Vista desde aquí, Bamako parece una postal idílica en la que perderse y olvidar así el infierno en el que hunden los pies quienes viven a este lado de la capital de Mali. Durante los tres meses que dura la estación de lluvias, las precipitaciones anegan a diario este lodazal de barro y de excrementos de ganado que apenas cubren las toneladas de basura sobre las que sobreviven más de 650 familias, 3.500 personas. Cuando en 2015, la guerra de Mali comenzó a extenderse del norte al centro de Mali, cientos de sus habitantes comenzaron un penoso éxodo hasta este barrio de las afueras de la capital. Aquí, a apenas un par de kilómetros del aeropuerto internacional, residían ya algunas familias de la etnia peul, dedicadas tradicionalmente al pastoreo y a la venta del ganado.

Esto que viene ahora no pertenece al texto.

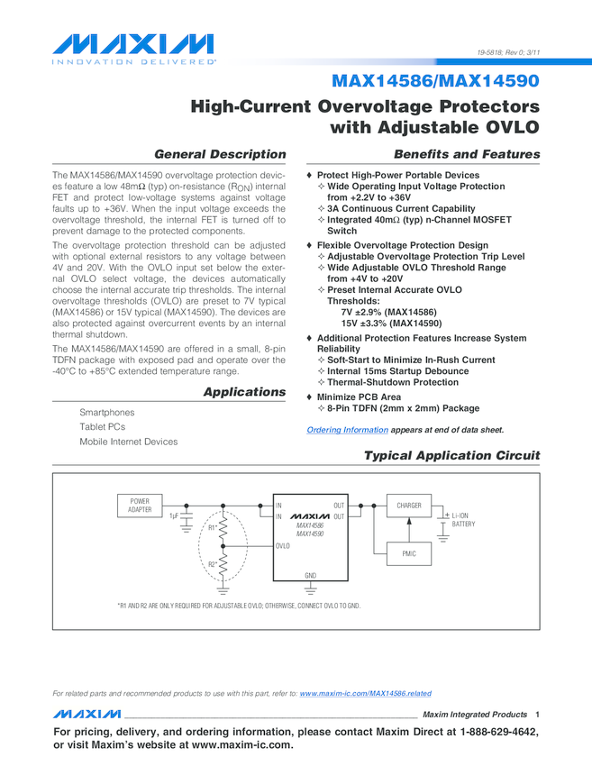 MAX14590 High Current Overvoltage Protectors with Adjustable OVLO
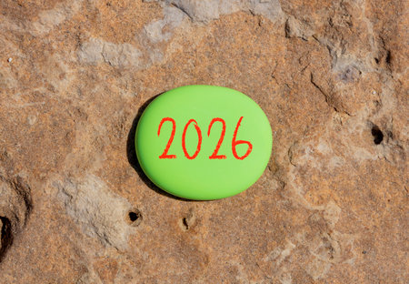 Business concept of 2026 new year symbol. Concept number 2026 Happy new year on beautiful green stone. Beautiful brown stone background. Business 2026 happy new year concept. Copy space.
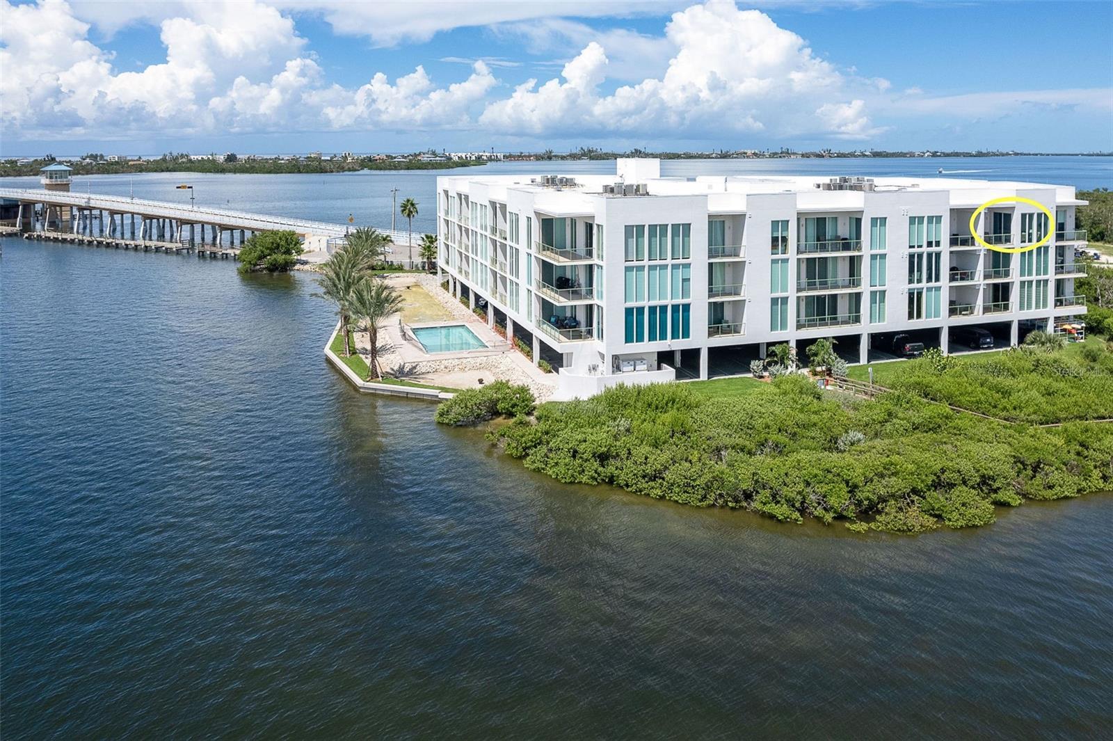 TOP FLOOR, SPECTACULAR VIEWS, BOAT SLIP #30, ONE MILE TO THE BEACH - Enjoy the Gulf Coast lifestyle at Redfish Key Villas with easy access to the beaches of Manasota Key, Palm Island and Boca Grande. Experience world class fishing, boating, golfing and dining in the heart of Englewood and surrounding villages of Venice and Boca Grande. There is nothing quite like Redfish Key Villas with its unique setting at the water’s edge, superior construction, modern design, and upscale residences. This top floor, open-concept, split plan residence delivers a luxury lifestyle like no other. Prepare to be wowed by twelve-foot ceilings and incredible views of Lemon Bay and Redfish Cove. Ten-foot, hurricane impact resistant windows and sliding glass doors allow natural light to pour in. The interior finishes include tile flooring in the main living areas, custom wood cabinetry with granite tops throughout, and luxury stainless appliances. Relax on your private balcony and enjoy endless views of osprey, dolphin, and manatee. Lounge by the heated pool or walk to local beaches, shops and restaurants. This stunning residence is ready for immediate enjoyment and includes assigned boat slip #30. Do not miss this opportunity!

“Llegaron hasta aquí, hasta Faladie Garbal, huyendo de los ataques de los grupos yihadistas, pero también de otros grupos étnicos, de las milicias de autodefensa y del Ejército. Además, como la mayoría de los yihadistas en Mali son, como ellos, de etnia peul, las otras comunidades y el Estado les acusan de ser terroristas. La última familia llegó hace dos días porque la guerra no cesa”, cuenta Moctar Cisse, quien hasta 2019, explica, se dedicaba a trabajar como guía turístico en Mopti, una ciudad conocida como la Venecia de Mali. Este país era uno de los principales destinos para los viajeros internacionales al continente africano. Durante la primera década de los años 2000, llegó a recibir a más de 200.000 extranjeros anuales. En 2011, con la guerra de Libia, todo se desmoronó.
Ese año, tras la intervención internacional que acabaría con el régimen de Gadafi, cientos de tuaregs que habían combatido del lado del régimen libio retornaron al norte de Mali para iniciar una nueva rebelión –la cuarta en el último siglo– por la independencia de la región de Azawad. En marzo de 2012, un golpe de Estado deponía al presidente, a quienes los militares acusaban de no haber sabido gestionar la situación. Grupos yihadistas se unían al conflicto en el norte del país y el Gobierno pedía la intervención de Francia para combatirlos.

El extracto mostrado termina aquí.